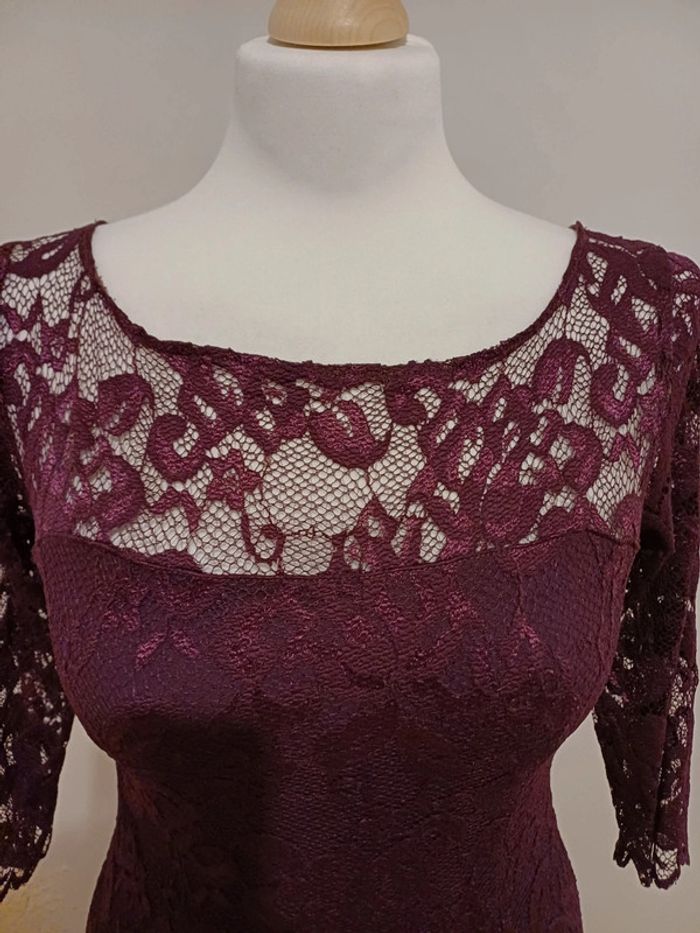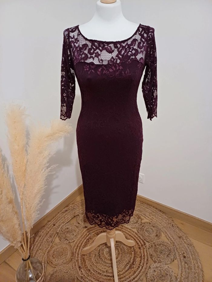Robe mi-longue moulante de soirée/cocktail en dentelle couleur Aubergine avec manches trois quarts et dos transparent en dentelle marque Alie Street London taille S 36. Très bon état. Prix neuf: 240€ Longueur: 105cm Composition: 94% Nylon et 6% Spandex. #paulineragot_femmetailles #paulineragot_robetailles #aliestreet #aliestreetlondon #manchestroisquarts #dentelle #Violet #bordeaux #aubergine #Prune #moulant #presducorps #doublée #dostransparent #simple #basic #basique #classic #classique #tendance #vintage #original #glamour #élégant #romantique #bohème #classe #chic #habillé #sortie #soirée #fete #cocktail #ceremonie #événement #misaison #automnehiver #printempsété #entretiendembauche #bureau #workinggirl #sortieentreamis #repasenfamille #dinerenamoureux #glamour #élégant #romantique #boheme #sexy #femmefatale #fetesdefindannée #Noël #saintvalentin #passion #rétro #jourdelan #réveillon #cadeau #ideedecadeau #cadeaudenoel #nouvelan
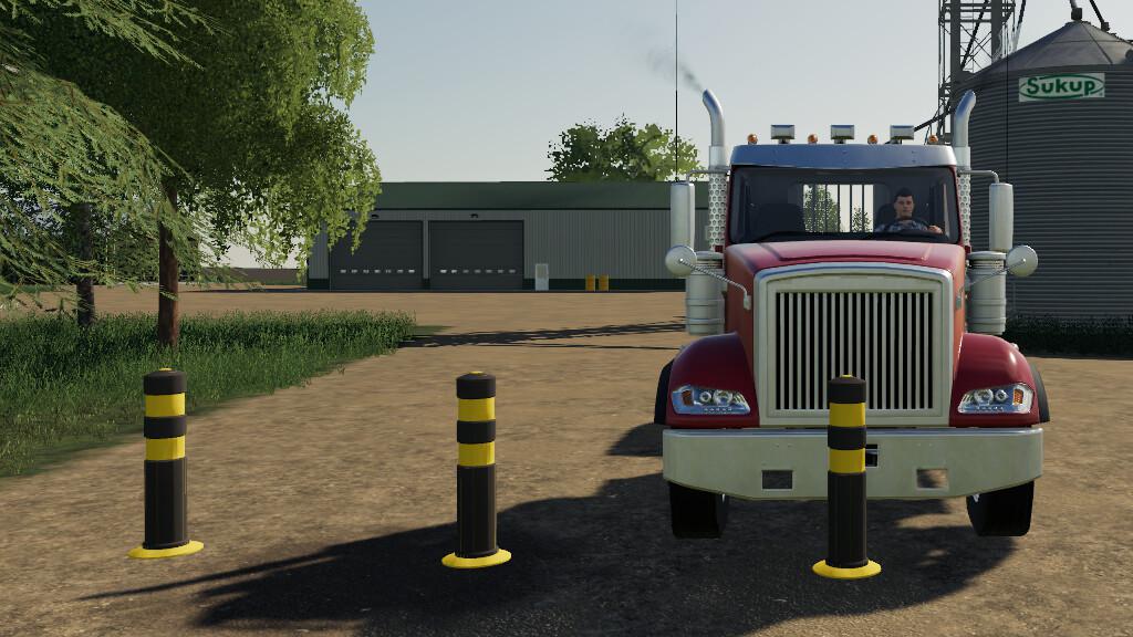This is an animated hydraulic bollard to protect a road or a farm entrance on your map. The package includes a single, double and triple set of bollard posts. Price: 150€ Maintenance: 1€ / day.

==

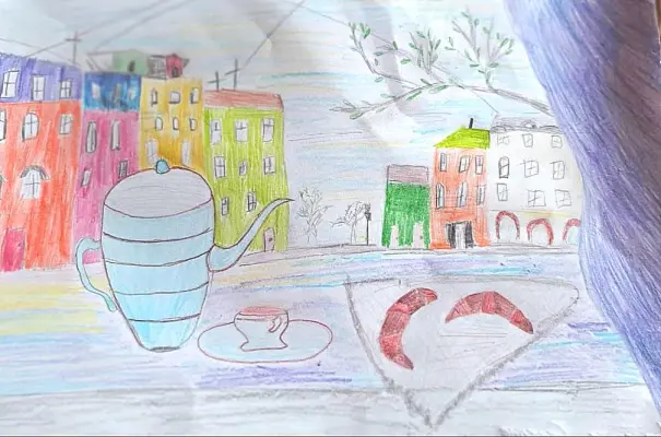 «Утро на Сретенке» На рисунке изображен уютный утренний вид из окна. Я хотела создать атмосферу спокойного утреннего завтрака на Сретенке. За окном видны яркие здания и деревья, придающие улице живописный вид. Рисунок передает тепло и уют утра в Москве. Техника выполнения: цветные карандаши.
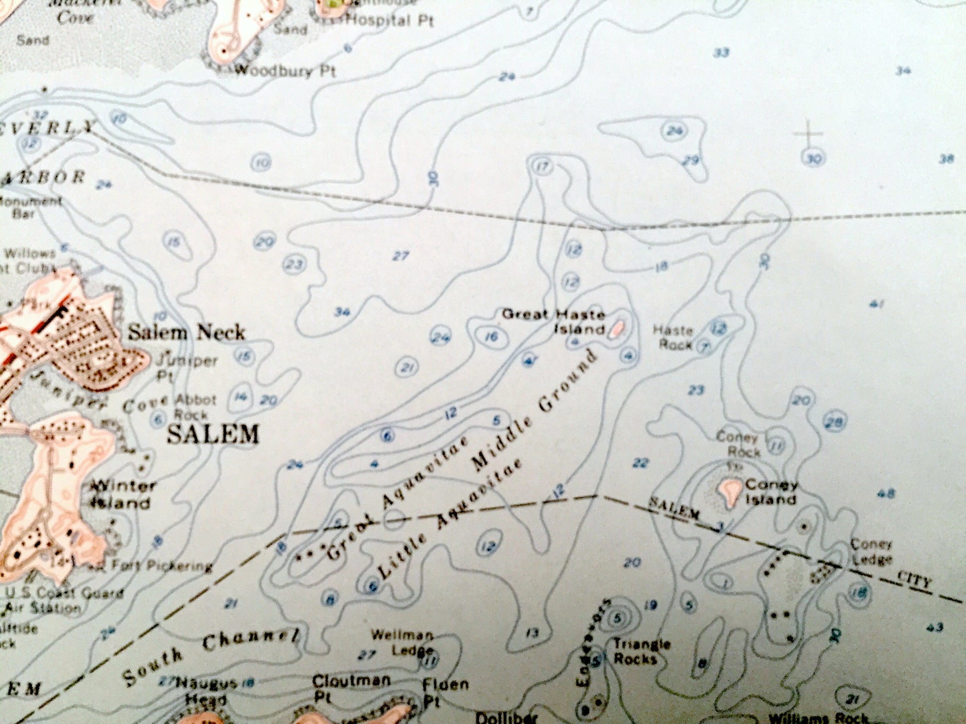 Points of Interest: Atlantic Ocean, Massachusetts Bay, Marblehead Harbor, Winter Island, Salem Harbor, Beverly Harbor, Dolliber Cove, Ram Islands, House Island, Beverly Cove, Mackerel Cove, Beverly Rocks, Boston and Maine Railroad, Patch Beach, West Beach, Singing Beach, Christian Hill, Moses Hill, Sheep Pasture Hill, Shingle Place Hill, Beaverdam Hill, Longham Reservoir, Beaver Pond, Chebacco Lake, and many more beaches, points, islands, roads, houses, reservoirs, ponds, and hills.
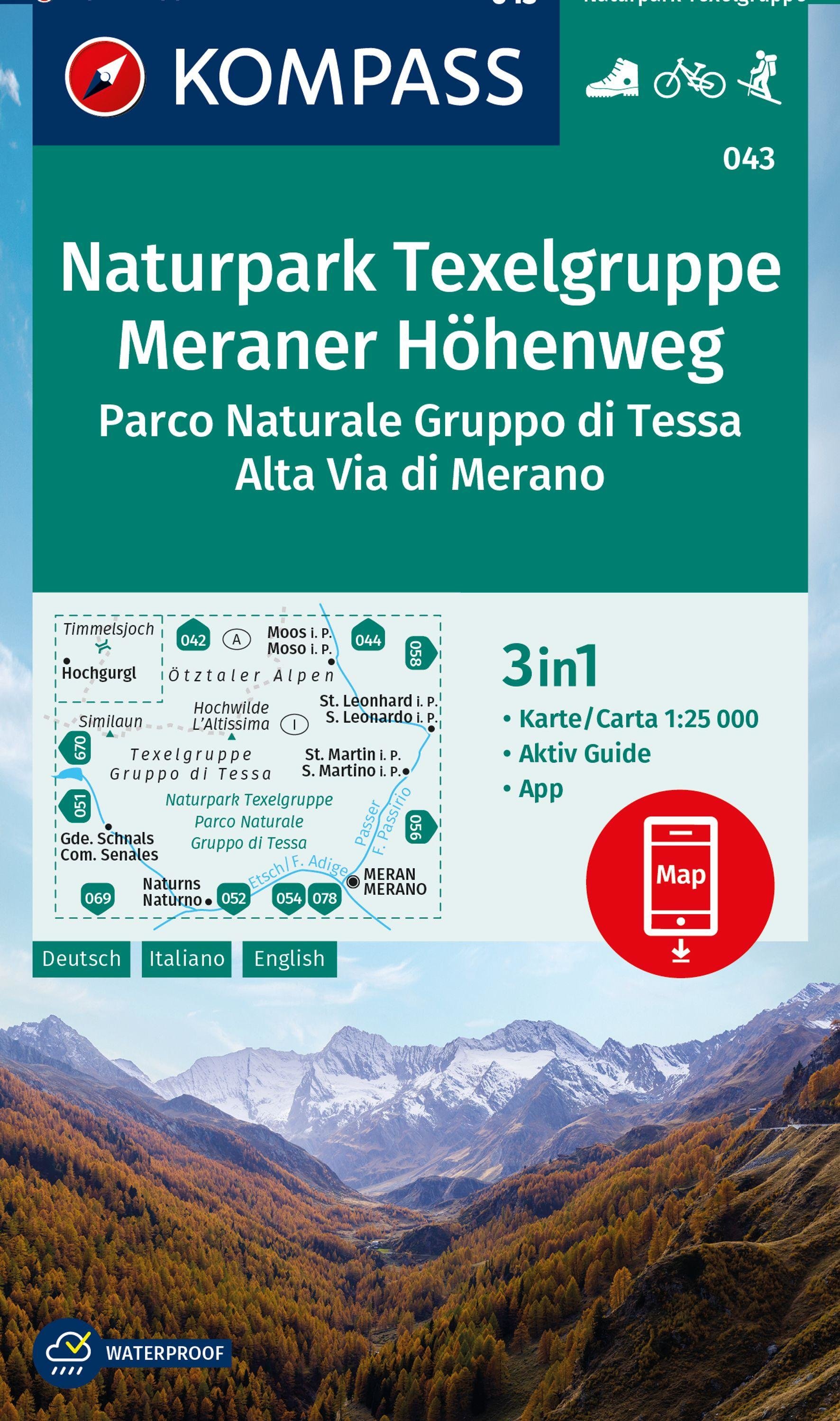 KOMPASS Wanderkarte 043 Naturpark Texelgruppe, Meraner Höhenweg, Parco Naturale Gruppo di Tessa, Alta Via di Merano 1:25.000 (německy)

• [WHAT YOU HAVE TO DO]
Given the records above, return the lines starting at the one that holds "Points of Interest: Atlantic" and ending at the one that holds "KOMPASS Wanderkarte 043", exactly, and nothing besides; leave every picture out.

• [YOUR RESPONSE]
 Points of Interest: Atlantic Ocean, Massachusetts Bay, Marblehead Harbor, Winter Island, Salem Harbor, Beverly Harbor, Dolliber Cove, Ram Islands, House Island, Beverly Cove, Mackerel Cove, Beverly Rocks, Boston and Maine Railroad, Patch Beach, West Beach, Singing Beach, Christian Hill, Moses Hill, Sheep Pasture Hill, Shingle Place Hill, Beaverdam Hill, Longham Reservoir, Beaver Pond, Chebacco Lake, and many more beaches, points, islands, roads, houses, reservoirs, ponds, and hills.
 KOMPASS Wanderkarte 043 Naturpark Texelgruppe, Meraner Höhenweg, Parco Naturale Gruppo di Tessa, Alta Via di Merano 1:25.000 (německy)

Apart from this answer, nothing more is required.